* **Assignment**
Where an entry contains a picture, skip the picture and write out everything else exactly.

Segment Start: Material to process

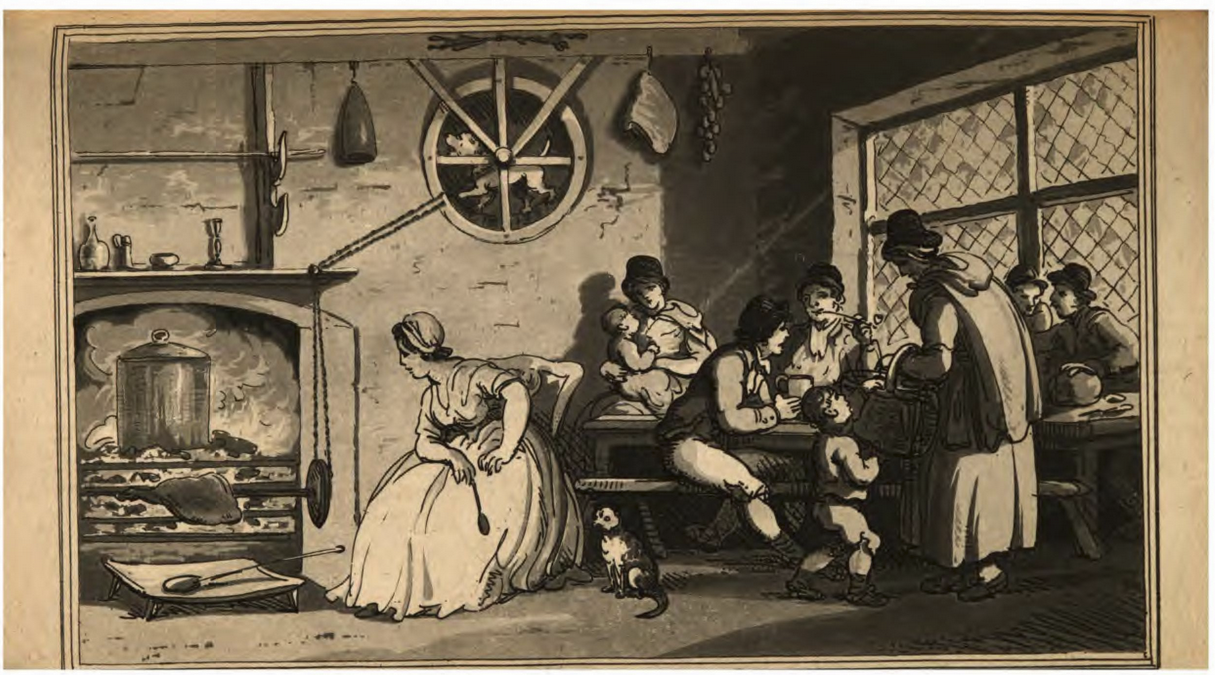 “There is comprehended, vnder the curres of the coursest kinde, a certaine dogge in kytchen seruice excellent. For whe any meate is to bee roasted they go into a wheele which they turning rounde about with the waight of their bodies, so diligently looke to their businesse, that no drudge nor skullion can doe the feate more cunningly.”
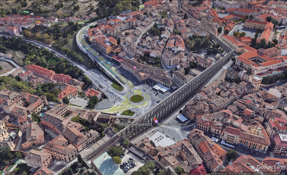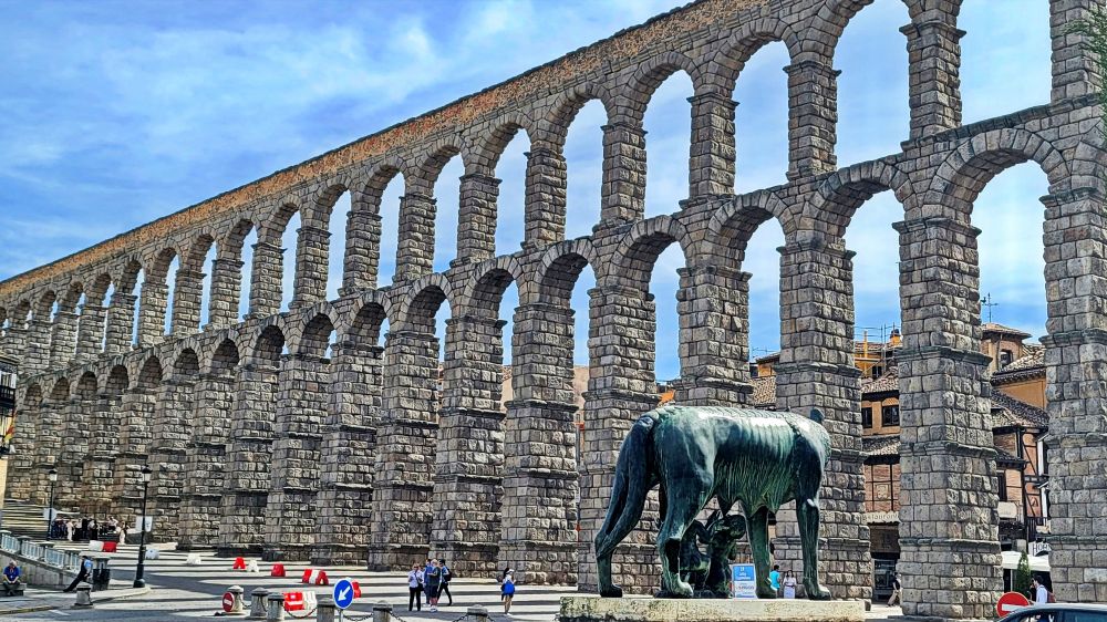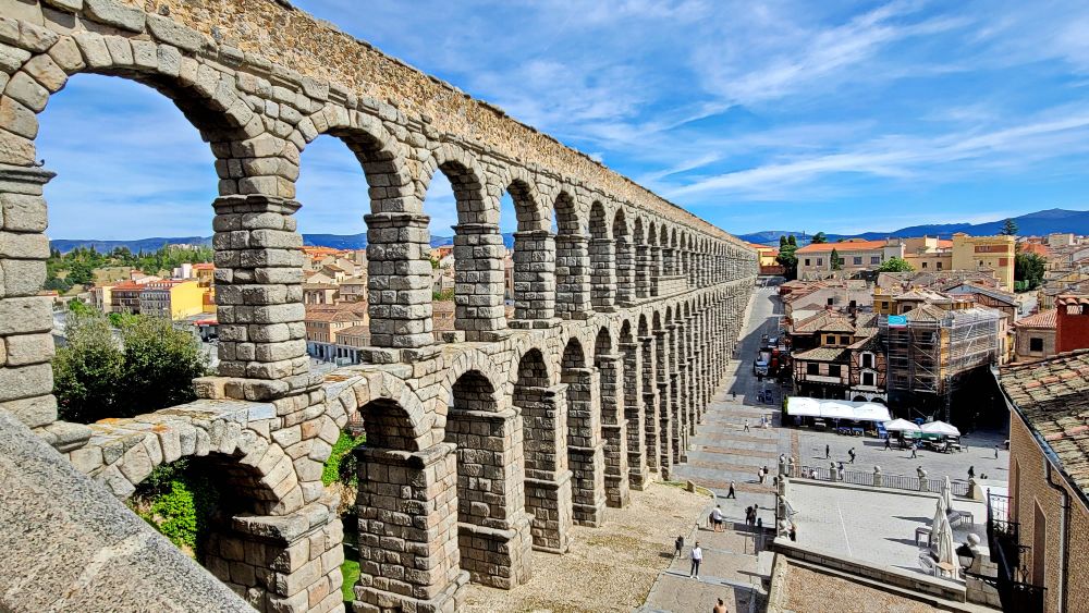 壮观的罗马渡槽是西班牙规模最大的古罗马遗迹之一,全长为894公尺,由163个拱形柱组合而成,结构没有任何水泥、钢钉,完全运用罗马人智慧与当时技术建造而成。可以说是公元一世纪最伟大的工程。水道桥引自周边山脉水源,经由市区抵达西边的阿卡乍堡。 塞哥维亚老城和罗马渡槽已被列入世界遗产名录。
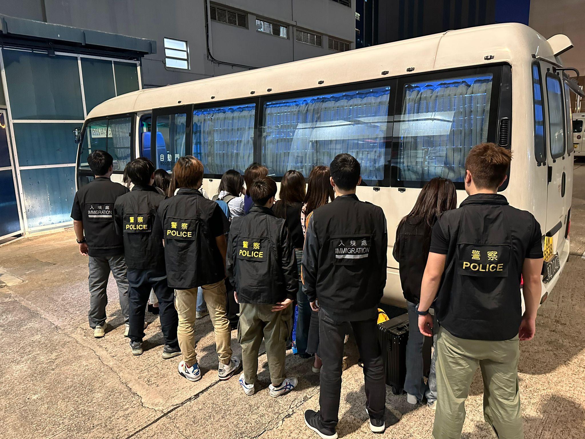 油尖警區聯同機動部隊及相關部門人員,昨日(14日)展開代號「冠軍」(CHAMPION)暨「烽火」(FIRESTORM)的打擊非法入境者和非法勞工及掃黃行動,突擊搜查區內多個地點,共拘捕30人。行動中,人員拘捕13名內地女子、9名內地男子、3名非華裔女子、3名非華裔男子,以及2名本地男子,年齡介乎23歲至55歲。他們分別涉嫌「非法入境」、「違反逗留條件」、「僱用非法勞工」及「未得授權在香港接受僱傭工作」等。所有被捕人現正被扣留調查,部分被捕人稍後將交由相關部門跟進。
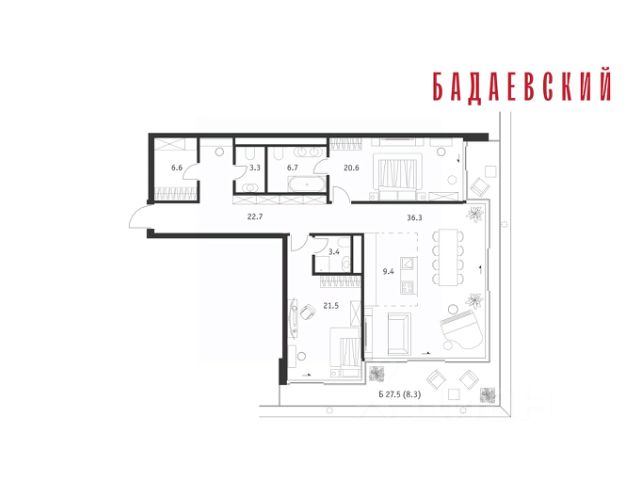 - 147 резиденций, площадью от 63 до 263 (с возможностью объединения)
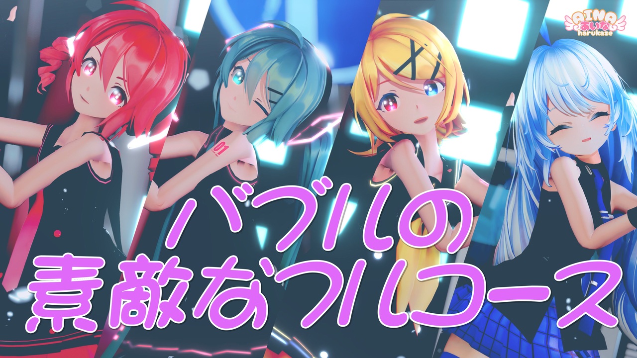 ☆3000再生達成~見て頂いた皆さんほんとにありがとうございます☆<br>とっても可愛い曲とモーション~フリフリバージョンを4人でダンスしました~♪ <br>モーションを各調整と少し改変、カメラも調整しながら改変しています~ <br>まだまだ色々ダメダメな所が多いのですけど、見て頂けたら嬉しいです~( 〃 ❛ᴗ❛ 〃 ) <br><br>youtue 4K動画はこちらへ↓<br><a href="https://www.youtube.com/@AIna-channel" target="_blank" rel="noopener nofollow">https://www.youtube.com/@AIna-channel</a><br><br>今回お借りしてる情報は↓へ♪ <br>楽曲:バブルの素敵なフルコース / 初音ミク&ずんだもん/夏山よつぎ 様/ <a href="https://www.nicovideo.jp/watch/sm45315441" class="watch">sm45315441</a><br>モーション:づなうじ様/ <a href="https://www.nicovideo.jp/watch/sm45624300" class="watch">sm45624300</a><br>振付・トレース元:足太ぺんた様/ <a href="https://www.nicovideo.jp/watch/sm45464352" class="watch">sm45464352</a><br>リップ・目線・表情:ノン様(づなうじ様同梱)/ <a href="https://seiga.nicovideo.jp/seiga/im9231038" target="_blank" rel="noopener">im9231038</a><br>カメラ:そまり様/ <a href="https://www.nicovideo.jp/watch/sm45632049" class="watch">sm45632049</a><br>(春風あいな-改変)<br>☆ツール☆ <br>MMD/MME/Premiere pro VMDサイジング:miu様<br>☆モデル☆ <br>Sour式初音ミク&鏡音リン:Sour暄様 <a href="https://www.nicovideo.jp/user/25576836" target="_blank" rel="noopener nofollow">https://www.nicovideo.jp/user/25576836</a> <br>Sour式重音テト:Sour & MozzarellaStix 様<br>あいなモデル:namekuji1337様:<a href="https://x.com/namekuji1337" target="_blank" rel="noopener nofollow">https://x.com/namekuji1337</a> <br>衣装:kumagoro(kumakichi)様/ <a href="https://seiga.nicovideo.jp/seiga/im5972488" target="_blank" rel="noopener">im5972488</a> <br><br>☆ステージ☆ <br>hazi様: <a href="https://seiga.nicovideo.jp/seiga/im5442685" target="_blank" rel="noopener">im5442685</a><br>☆エフェクト☆<br>Rui様/そぼろ様/less様/おたもん様/針金P様/ましまし様 ikeno様/glam様/化身バレッタ様/ミーフォ茜様<br>Johndoo様/roz様/Sano_様/のりしお様/ビームマンP様/Caeru様/ame2様<br>更科様<br><br>お借りさせて頂いている皆様~いつもありがとうございます!<br>動画を見て頂いている皆様~まだまだ調整の甘いお勉強中のあいなですけど、いつもほんとうにありがとうございます!<br><br>追記☆<br>広告ありがとうございます!文字数制限で記載は↓へ♪<br><a href="https://x.com/AinaHarukaze" target="_blank" rel="noopener nofollow">https://x.com/AinaHarukaze</a><br>コメント・いいね・マイリス、ありがとうございます!<br>
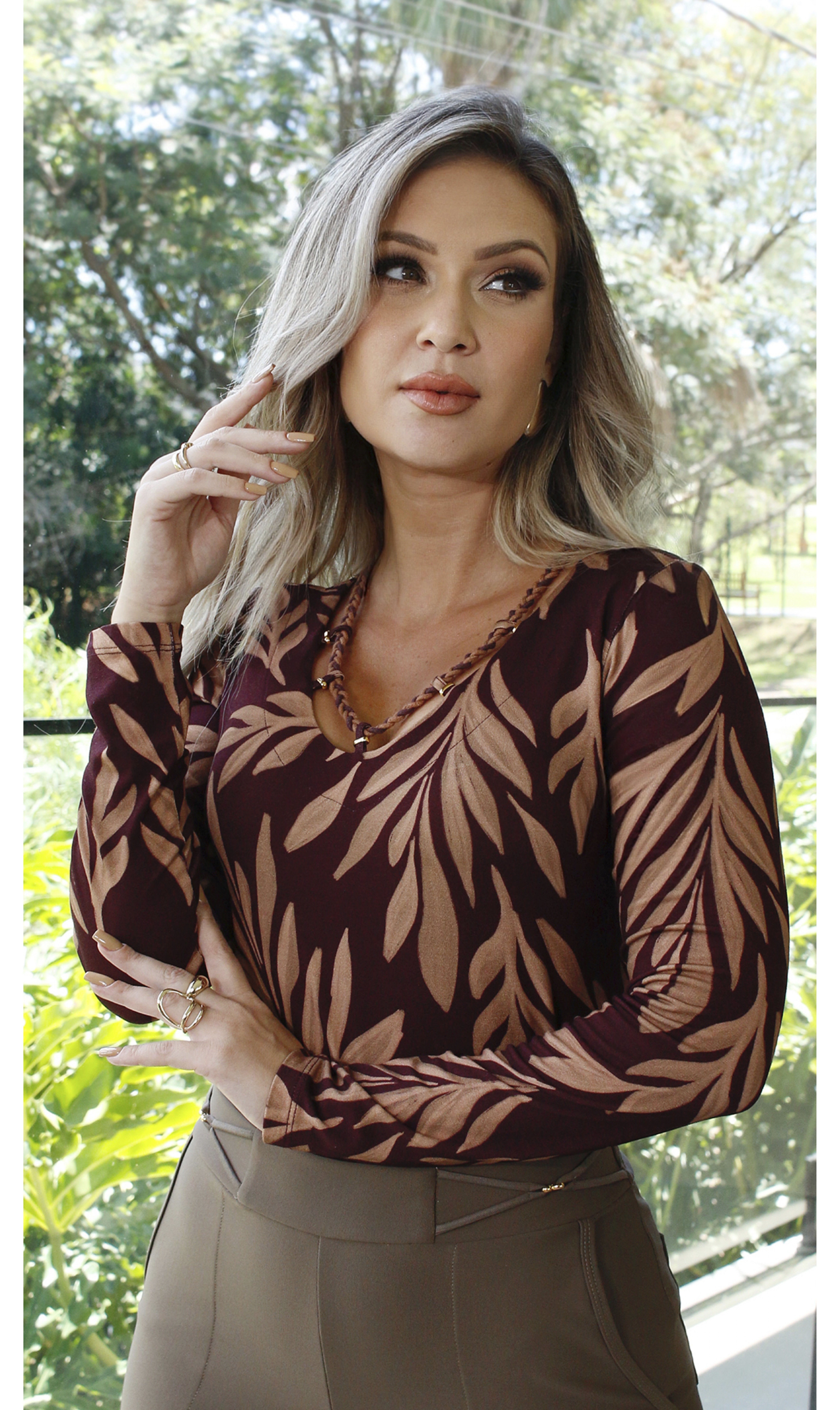 Blusa manga Manga longa com decote em detalhes de debrum e metais. Peça toda confeccionada em malha e extremo conforto e um excelente caimento.

Segment End: Material to process

* **Response**
 “There is comprehended, vnder the curres of the coursest kinde, a certaine dogge in kytchen seruice excellent. For whe any meate is to bee roasted they go into a wheele which they turning rounde about with the waight of their bodies, so diligently looke to their businesse, that no drudge nor skullion can doe the feate more cunningly.”
 壮观的罗马渡槽是西班牙规模最大的古罗马遗迹之一,全长为894公尺,由163个拱形柱组合而成,结构没有任何水泥、钢钉,完全运用罗马人智慧与当时技术建造而成。可以说是公元一世纪最伟大的工程。水道桥引自周边山脉水源,经由市区抵达西边的阿卡乍堡。 塞哥维亚老城和罗马渡槽已被列入世界遗产名录。
 油尖警區聯同機動部隊及相關部門人員,昨日(14日)展開代號「冠軍」(CHAMPION)暨「烽火」(FIRESTORM)的打擊非法入境者和非法勞工及掃黃行動,突擊搜查區內多個地點,共拘捕30人。行動中,人員拘捕13名內地女子、9名內地男子、3名非華裔女子、3名非華裔男子,以及2名本地男子,年齡介乎23歲至55歲。他們分別涉嫌「非法入境」、「違反逗留條件」、「僱用非法勞工」及「未得授權在香港接受僱傭工作」等。所有被捕人現正被扣留調查,部分被捕人稍後將交由相關部門跟進。
 - 147 резиденций, площадью от 63 до 263 (с возможностью объединения)
 ☆3000再生達成~見て頂いた皆さんほんとにありがとうございます☆<br>とっても可愛い曲とモーション~フリフリバージョンを4人でダンスしました~♪ <br>モーションを各調整と少し改変、カメラも調整しながら改変しています~ <br>まだまだ色々ダメダメな所が多いのですけど、見て頂けたら嬉しいです~( 〃 ❛ᴗ❛ 〃 ) <br><br>youtue 4K動画はこちらへ↓<br><a href="https://www.youtube.com/@AIna-channel" target="_blank" rel="noopener nofollow">https://www.youtube.com/@AIna-channel</a><br><br>今回お借りしてる情報は↓へ♪ <br>楽曲:バブルの素敵なフルコース / 初音ミク&ずんだもん/夏山よつぎ 様/ <a href="https://www.nicovideo.jp/watch/sm45315441" class="watch">sm45315441</a><br>モーション:づなうじ様/ <a href="https://www.nicovideo.jp/watch/sm45624300" class="watch">sm45624300</a><br>振付・トレース元:足太ぺんた様/ <a href="https://www.nicovideo.jp/watch/sm45464352" class="watch">sm45464352</a><br>リップ・目線・表情:ノン様(づなうじ様同梱)/ <a href="https://seiga.nicovideo.jp/seiga/im9231038" target="_blank" rel="noopener">im9231038</a><br>カメラ:そまり様/ <a href="https://www.nicovideo.jp/watch/sm45632049" class="watch">sm45632049</a><br>(春風あいな-改変)<br>☆ツール☆ <br>MMD/MME/Premiere pro VMDサイジング:miu様<br>☆モデル☆ <br>Sour式初音ミク&鏡音リン:Sour暄様 <a href="https://www.nicovideo.jp/user/25576836" target="_blank" rel="noopener nofollow">https://www.nicovideo.jp/user/25576836</a> <br>Sour式重音テト:Sour & MozzarellaStix 様<br>あいなモデル:namekuji1337様:<a href="https://x.com/namekuji1337" target="_blank" rel="noopener nofollow">https://x.com/namekuji1337</a> <br>衣装:kumagoro(kumakichi)様/ <a href="https://seiga.nicovideo.jp/seiga/im5972488" target="_blank" rel="noopener">im5972488</a> <br><br>☆ステージ☆ <br>hazi様: <a href="https://seiga.nicovideo.jp/seiga/im5442685" target="_blank" rel="noopener">im5442685</a><br>☆エフェクト☆<br>Rui様/そぼろ様/less様/おたもん様/針金P様/ましまし様 ikeno様/glam様/化身バレッタ様/ミーフォ茜様<br>Johndoo様/roz様/Sano_様/のりしお様/ビームマンP様/Caeru様/ame2様<br>更科様<br><br>お借りさせて頂いている皆様~いつもありがとうございます!<br>動画を見て頂いている皆様~まだまだ調整の甘いお勉強中のあいなですけど、いつもほんとうにありがとうございます!<br><br>追記☆<br>広告ありがとうございます!文字数制限で記載は↓へ♪<br><a href="https://x.com/AinaHarukaze" target="_blank" rel="noopener nofollow">https://x.com/AinaHarukaze</a><br>コメント・いいね・マイリス、ありがとうございます!<br>
 Blusa manga Manga longa com decote em detalhes de debrum e metais. Peça toda confeccionada em malha e extremo conforto e um excelente caimento.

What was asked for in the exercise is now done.